In the listing, locate the line containing "Ngoài ra, ngày", then quote it and all following lines exactly. Omit pictures.

_DATASET EXCERPT_.
══════
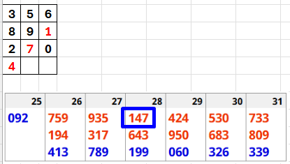 Then look at the numbers that hit the following week, and see if they are in the box. I see a couple of patterns; for example: this is the most obvious pattern:
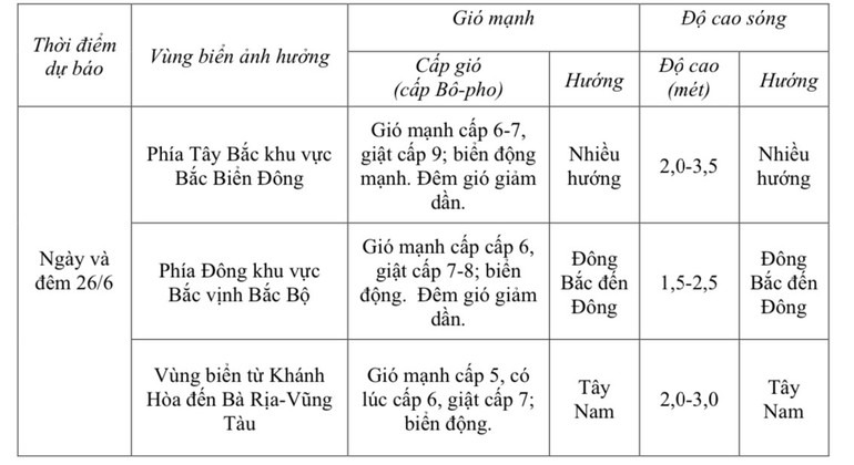 Ngoài ra, ngày và đêm 26/6, ở vùng biển phía đông khu vực Vịnh Bắc Bộ, vùng biển phía tây bắc khu vực bắc Biển Đông, khu vực giữa và nam Biển Đông (bao gồm vùng biển quần đảo Trường Sa), vùng biển từ Bình Thuận đến Cà Mau, Cà Mau đến Kiên Giang và vịnh Thái Lan có mưa rào và dông. Trong mưa dông có khả năng xảy ra lốc xoáy, gió giật mạnh cấp 6-7.
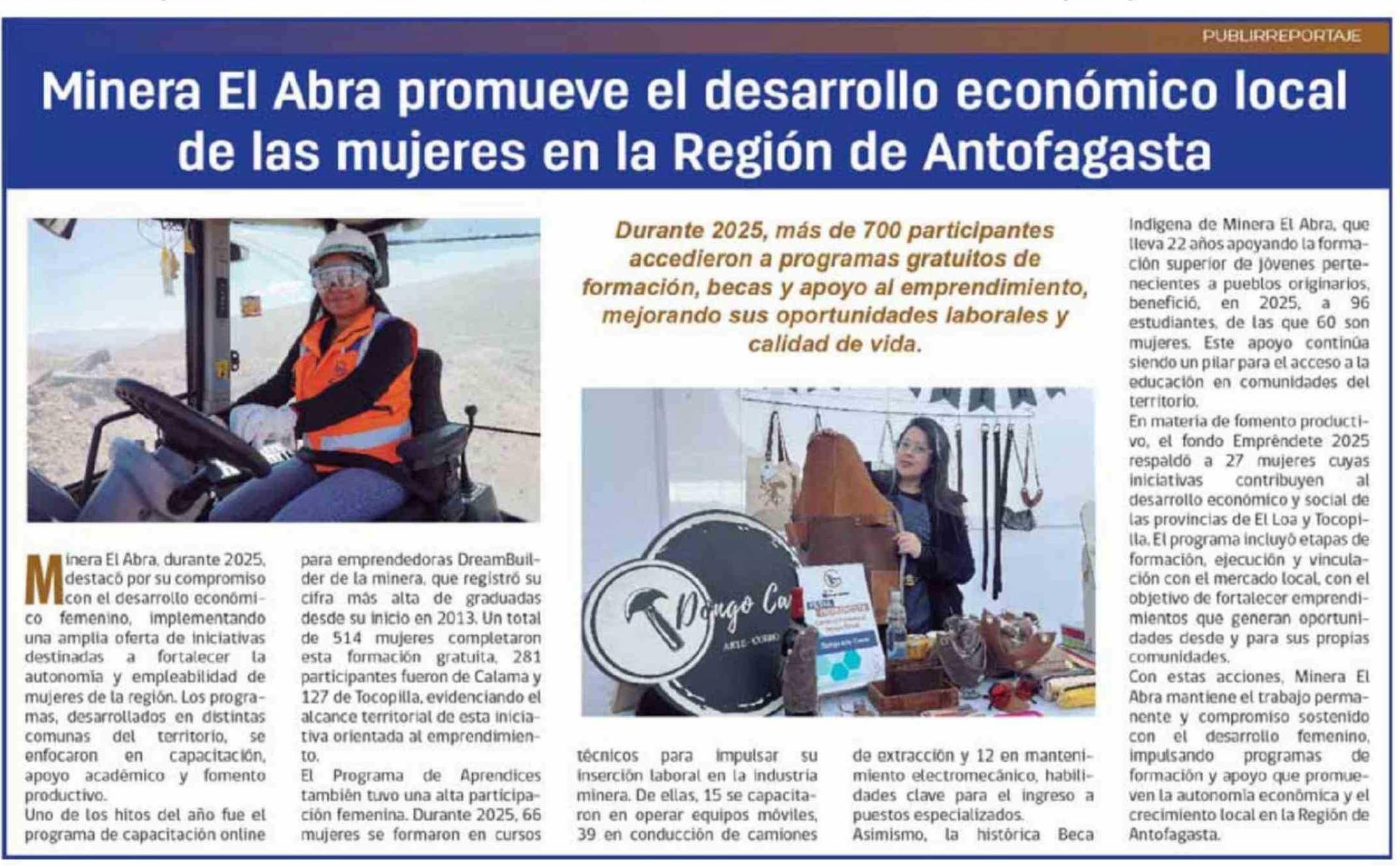 Minera El Abra promueve el desarrollo económico local de las mujeres en la Región de Antofagasta
══════
_REPLY TO THE EXERCISE_.
 Ngoài ra, ngày và đêm 26/6, ở vùng biển phía đông khu vực Vịnh Bắc Bộ, vùng biển phía tây bắc khu vực bắc Biển Đông, khu vực giữa và nam Biển Đông (bao gồm vùng biển quần đảo Trường Sa), vùng biển từ Bình Thuận đến Cà Mau, Cà Mau đến Kiên Giang và vịnh Thái Lan có mưa rào và dông. Trong mưa dông có khả năng xảy ra lốc xoáy, gió giật mạnh cấp 6-7.
 Minera El Abra promueve el desarrollo económico local de las mujeres en la Región de Antofagasta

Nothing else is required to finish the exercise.